A proud barer of the feminist revenge fantasy label, this 1981 vigilante classic starring Zoe Lund remains controversial to this day. Some argue that it's not feminist at all. I would concede that it's a bit over the top for reasons I won't share in order to avoid spoilers. Just keep in mind that it's also supposed to be an exploitation flick and ask yourself if the protagonist had been a man would you be as strident in critique of its "extraness." In any event, Ms. 45 made my top five because Lund's Thana is a working-class woman with disabilities -- tell me how often do we see that!

4. Bandit Queen

While not without flaws, this film scores on many levels. Icing on the cake: it's based on a true story. You haven't seen gangster if you don't know the story of Phoolan Devi who not only avenged a brutal gang rape (that's right... she came for ALL them MFers), she went on be elected to office and nominated for a Nobel Prize. Devi was and remains a very controversial figure who brought suit against the filmmakers of Bandit Queen That just makes this movie even greater fodder for discussion, especially if you've read her story in her words in I, Phoolan Devi: Autobiography of the Bandit Queen as well as feminist discourse on her life and the film itself. It lends itself to conversations about retaliatory versus revolutionary violence, intersectionality (because to some Devi was an Indian Robin Hood whose actions were as much a statement about caste as well as gender), and much more.

5. Descent
With films like Quentin Tarantino's Deathproof and Frank Miller's Sin City, Rosario Dawson is no stranger to playing women who kick sexist ass. That said, you still don't know the depth of her acting chops and feminist politics until you see Descent.

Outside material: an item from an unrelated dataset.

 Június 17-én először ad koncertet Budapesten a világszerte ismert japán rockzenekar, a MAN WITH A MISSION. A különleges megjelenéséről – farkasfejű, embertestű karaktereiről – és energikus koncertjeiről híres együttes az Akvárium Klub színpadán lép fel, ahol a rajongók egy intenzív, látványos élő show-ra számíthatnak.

The title refers to just how far Dawson's character Maya sinks after a date rape. Her performance proves she is far more talented than many of her roles suggest, and writer/director Talia Lugacy deftly interweaves some race and class analysis that is rarely seen in movies about sexual assault. Both rapes -- the initial crime and the retaliatory act -- are extremely difficult to watch as they should be. This is no exploitation flick that eroticizes sexual assault or depicts violence so cartoonish it can be dismissed (like the vigilante cult classic I Spit On Your Grave.) As hard as it is, we should watch and discuss Descent right down to the final shot on Dawson's face that leaves no question as to whether vengeance is as sweet as Maya had hoped.

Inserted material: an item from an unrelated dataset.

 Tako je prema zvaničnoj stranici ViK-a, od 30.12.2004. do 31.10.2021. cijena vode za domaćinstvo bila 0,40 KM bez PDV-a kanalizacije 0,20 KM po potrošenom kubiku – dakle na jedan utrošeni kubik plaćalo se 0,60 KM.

Listen to Rosario Dawson discuss rape, revenge and Descent here.

* One notable exception is the 1996 film Sleepers based on the book of the same name, starring a high-wattage cast that includes Brad Pitt, Jason Patric, Kevin Bacon, Robert DeNiro and the late Brad Renfro. After a prank turns into tragedy, four boys are sent to a juvenile correctional facility where they are ritually abused by the guards. Years later when two of the men stand trial after murdering one of their abusers, the other two conspire to fix the trial. Author Lorenzo Carcaterra insists that Sleepers was not a novel but based on true events in his life. Entities such as the Catholic Church and the New York State Department of Correction dispute his claims.

Have you seen any of these films? What do you think of them? What others would you add to this list?